Dowd is right, wrong on 700 MHz stance
Charles Dowd, the deputy chief of the New York City Police Department in charge of its communications networks, wants the FCC to abandon its plan for a nationwide wireless broadband network that would be shared by commercial operators and first responders. Instead, he wants the FCC, with Congress’s blessing, to give local government entities public safety’s 10 MHz of spectrum in the band and the 10 MHz of commercial D Block spectrum—currently set to be paired with the public safety airwaves to form the spectral backbone for the shared network—so NYC can build its own whiz-bang network. Dowd isn’t alone, as major cities across the country are lining up in support of this idea. Dowd and his compatriots couldn’t be more right in their thinking. And they couldn’t be more wrong.
I’ve always believed that simpler is better. Given that, I’ve always thought that the FCC’s plan for the buildout of the network is much too complicated. It’s likely that no national licensee will step forward to claim the commercial spectrum, which means that the buildout would be left to regional licensees that will have widely varying resources and aptitudes to lend to the project. Chaos would ensue if any of those licensees prove to be incapable. Even if a national licensee emerged, the performance and preemptive-access requirements that would be placed upon the commercial operator(s) in this shared-network arrangement are equally vexing and, perhaps, deal-breakers.

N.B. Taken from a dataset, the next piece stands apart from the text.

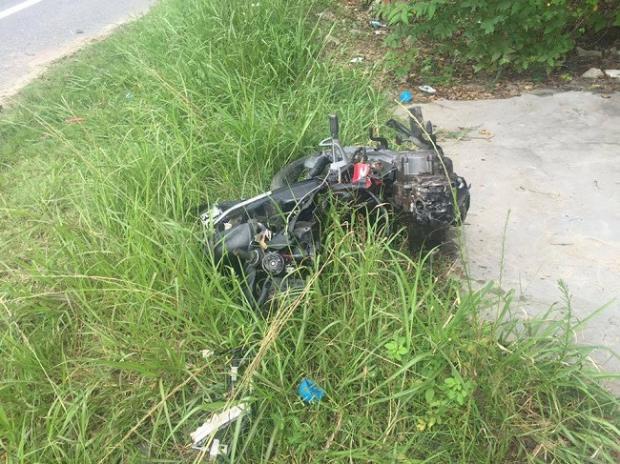 Cú va chạm mạnh đã khiến người đi xe máy văng xa hơn 20m và rơi sang lề đường đối diện, bị đứt lìa đầu và tử vong ngay tại chỗ. Chiếc xe văng vào vệ cỏ và biến dạng nặng nề, hư hại toàn bộ khung, vỡ bánh và vỡ toàn bộ động cơ.

So, Dowd is correct in the notion that it would be simpler and better for public-safety agencies to build out their own advanced broadband networks, and gaining full access to the 20 MHz of 700 MHz spectrum that became available as a result of the digital television transition would make that more realistic. I have written several times since Cyren Call’s Morgan O’Brien first floated the idea of a shared network nearly three years ago that not only should public safety build the network to its needs, Congress should fund the estimated $20 billion project and forget about the unprecedented public/private model. This is the U.S.—the money can be found. It’s all a matter of priority, and Congress should be looking at the proposed nationwide first responder broadband communications network as it once did the interstate highway system, which not only sparked a transportation boom and changed how people and goods move about the country, but it benefited both urban and rural areas.
But that’s not going to happen, especially not in this economic climate. And that’s where Dowd’s notion unravels. Sure, New York and other major cities might have the wherewithal to build their own networks, but what about the rest of the country? What would ensue is the same “haves versus have-nots” dichotomy between agencies in the densely populated regions of the country—i.e., major metropolitan areas—and those in the sparsely populated—i.e., rural areas–that has plagued first-responder communications for decades.
To his credit, Dowd has acknowledged the challenge that the rural piece of the puzzle presents, noting that he doesn’t have a solution at the moment but would like to find a consensus answer within the public-safety community. Nevertheless, he and many of his peers appear more than willing to move forward with their own self-serving plan that likely would preclude thousands of smaller agencies from participating in the broadband future. It’s exactly the type of “me-first” parochial thinking that the public-safety sector as a whole needs to abandon if it’s going to bring its communications infrastructure into the 21st century.
Instead of lobbying to serve their own interests, I’d like to see officials from the major cities lean on Congress to fund a public-safety buildout of this vital network, even if it would cost twice as much as current estimates. Sooner or later—perhaps in as little as three years—the U.S. will pull its troops out of Iraq, which would free up the $12 billion per month taxpayers currently are spending on the war effort. Apply the savings to the network buildout, and the project would be funded inside of four months.
Of course, nothing in Washington is ever that simple. But there’s really no reason that it couldn’t be, at least in this case. As in most things in life, where there’s a will, there’s a way.